We had a client that had about 40gb of data uploaded. Fulltext Catolog wasn’t run on the storage. Is there a way to run fulltext on the entire repository? The documents were imported and workflow created folder structure based on the metadata.
Question
Question
Answer
I added a for each entry module and put in the OCR inside it. Worked after I did that.
Replies
Are you referring to this?
Do you mean the documents were not OCRed or that they were not indexed by the Full Text Search Engine?
If they are just not OCRed (therefore you cannot text search them), you can run a search to find them, select the results, and generate text. It will take a while to OCR that many, so it may be better to use DCC.
OCR is the process of extracting text from the image and creating the text layer. This text layer is then used to index the words in the Search Catalog. Only after the document has been indexed by the LFFTS is it text searchable.
There are several reason a document may be OCRed, but not Indexed. The most common is that the Search Catalog sometimes will get corrupted and either go off-line or into read-only. When you have this condition nothing new gets indexed and little if any text results are returned. To fix this, delete the old Search Catalog and then create a new one and reindex the whole repository.
Another common reason can be if the LFFTS service has stopped. Restart the service and then try to manually trigger the indexing of the document.
Sometimes it's as simple as just seeing if you can restart indexing. If that doesn't work, you can do the above.
no you have realllllly confused me. The documents ARE indexed but we still can't search and find document text. Why would that be??? I rcreated a new search catalog and reindexed the repo. all is completed. Why would I not be able to search the text on the document? Do I also have to use DCC and create OCR for each Doc?
so basically you are saying i have to OCR before it can index....? If I don't OCR I would assume the index would have nothing to catalog? If this is the case, wow.
The documents must have text before they can be indexed. If the documents have text in the text pane, then it should be possible to index them. If there is no text, then you'll have to OCR them. Are the documents native Laserfiche documents, with pages, or are they some other format?
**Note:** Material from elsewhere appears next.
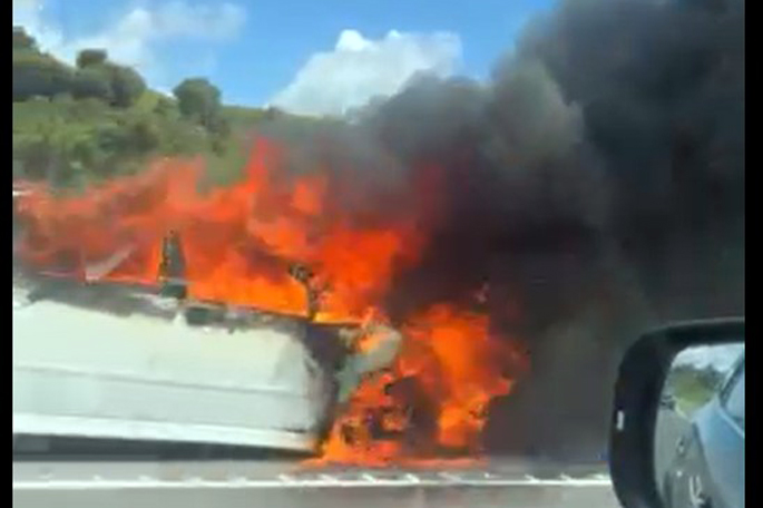 A video sent to NZME shows flames and smoke billowing from the front of the vehicle, which had pulled over on the side of the road.

Workflow does not perform the OCR on it's own. It needs DCC in order to do the work. So, you'll have to set up DCC, and then it will work.
Ok, so I am really confused here. What is the difference between Full Text search and OCRed? What is the point of Full Text indexing a document when I can't search in the client by the information in the pages?? So, if the user wants to search by words it isn't full text but OCR searching???